I'd be interested to hear the views of the experts on this forum.


D.


----------



## Brendan Burgess (23 May 2010)

Hi Dinarius

Karl Whelan did a fairly good analysis of Anglo's subordinated bonds some months ago on Irish Economy.ie . There really isn't that much to burn. As it happens, they are  not due to be paid until after 2014, so we can defer a decision on them.

Irish Nationwide's are only a few million. Again, not worth doing anything about, although I do believe it should be wound down. 

The ordinary bond holders should be treated just the same as the depositors. Pull the guarantee for the bondholders and you pull it for the depositors as well. 

With the extra capital put into AIB and Bank of Ireland and with NAMA buying their bad loans, AIB and Bank of Ireland are probably solvent so it's too late to do anything about them. 

so the only remaining issue is whether the government should burn the Anglo bondhoders. It doesn't have to make that decision for some time. 

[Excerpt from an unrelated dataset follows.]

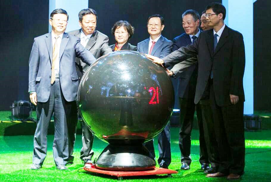 圖為眾領(lǐng)導(dǎo)在絲博會開幕式上共同啟動水晶球從左至右依次為中國絲綢協(xié)會會長楊永元、中華人民共和國商務(wù)部市場運(yùn)行司司長(國家繭絲辦主任)陳國凱、中華人民共和國工業(yè)和信息化部消費(fèi)品司副司長曹學(xué)軍、杭州市人民政府副市長謝雙成、中國紡織工業(yè)聯(lián)合會副會長楊紀(jì)朝、中國紡織品進(jìn)出口商會副會長王宇、商務(wù)部駐杭州特派員辦事處副特派員周關(guān)超

However, Anglo has been buying back its subordinated bonds at a discount, which many regard as a waste of money.

Brendan


----------



## Dinarius (24 May 2010)

Morgan Kelly's 'inaccurate' piece about to be discussed on Morning Ireland.

D.


----------



## Superman (25 May 2010)

Brendan Burgess said:


> The ordinary bond holders should be treated just the same as the depositors. Pull the guarantee for the bondholders and you pull it for the depositors as well.


I agree that Karl Whelan has shown that it is not possible to burn bondholders.
However I do not think that it is correct to say that because bond holders are pari passu with depositors means that depositors cannot be favoured - provided that favouring comes from a third party (i.e. State) and does not involve taking money which rightfully belongs to the bondholders.  Correct me if I'm wrong.


----------



## Dinarius (25 May 2010)

There's been a huge reaction to Kelly's article on the IT website.......

[broken link removed]

In addition, Moore McDowell has an interesting letter in today's paper........

[broken link removed]

And Kelly provokes more reaction on Irish Economy.ie today also.......

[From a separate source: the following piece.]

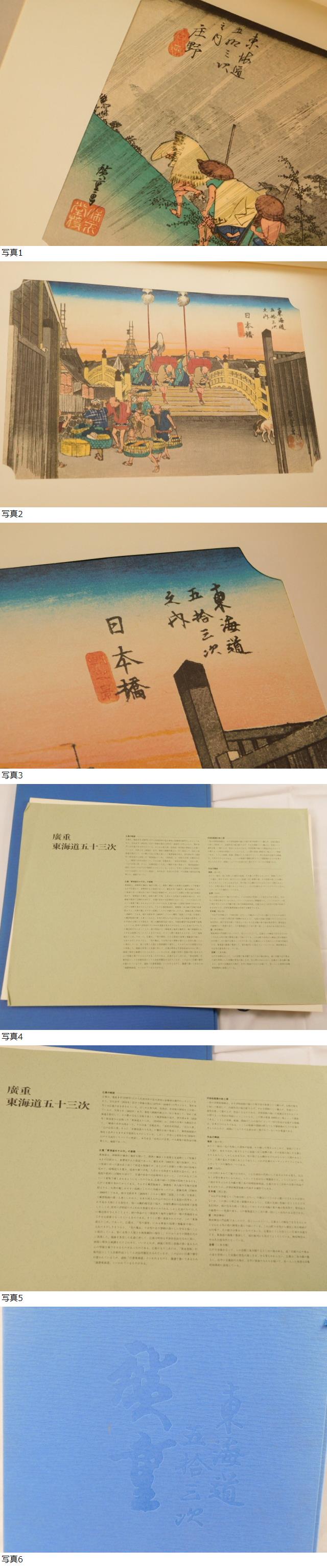 【内容】複製画、広重の略歴・作品解説・浮世絵版画の彫と摺についての解説書

http://www.irisheconomy.ie/

Finally, John McManus' piece in yesterday's IT on why no one is pitching for AIB......

[broken link removed]

.......to which I can only reply.......1. Coz AIB "barks and wears a lead" as they say in stock market parlance. 2. Coz it has "previous" as m'learned friends would say, and lots of it. 3. Coz it should have been put out of its agony a long time ago.

I can't help wondering if BofI's realtive recovery from the mess of the last two years vs. AIB's continuing decline has anything to do with the former's historically Protestant ethos as against the feckless taigs in the other place - seriously. I'm convinced there's a sociology thesis in there somewhere.

D.


----------



## DerKaiser (27 May 2010)

The one thing I'd say is that it is irresponsible to dismiss the current deficit of taxes versus public spending.

The public need to come around to the fact that taxes need to rise and services and public wages need to be cut back. Ignoring this fact by blaming the banks for everything is counterproductive.

The other major requirement is for the government to move on from the backs to the wall scenario of September 2008. AIB and BOI are now largely out of the woods with some possibility of recovering the funds the state has provided them with. Lenihan and co. need to focus on how the Anglo burden can be shifted away from the state. If Bondholders _and_ depositors need to lose out so be it. I originally believed that depositors should be bailed out but at a cost of €20bn+ you start to think maybe they're better able to afford it than the taxpayer and to do it now should not lead to a run on the banks.

My quiet hope is that the minister has a plan for all of this when the state guarantee runs out in September but it would obviously not be wise to flag such intentions in advance to the public. 

In summary we cannot take our eye off the current budget i.e. we need to continue cutting back our public spending. We've been on the right track up to now, hopefully the Croke Park deal does not scupper this. in addition we need to figure out who bears the Anglo losses, they cannot be simply subsumed into the government deficit.


----------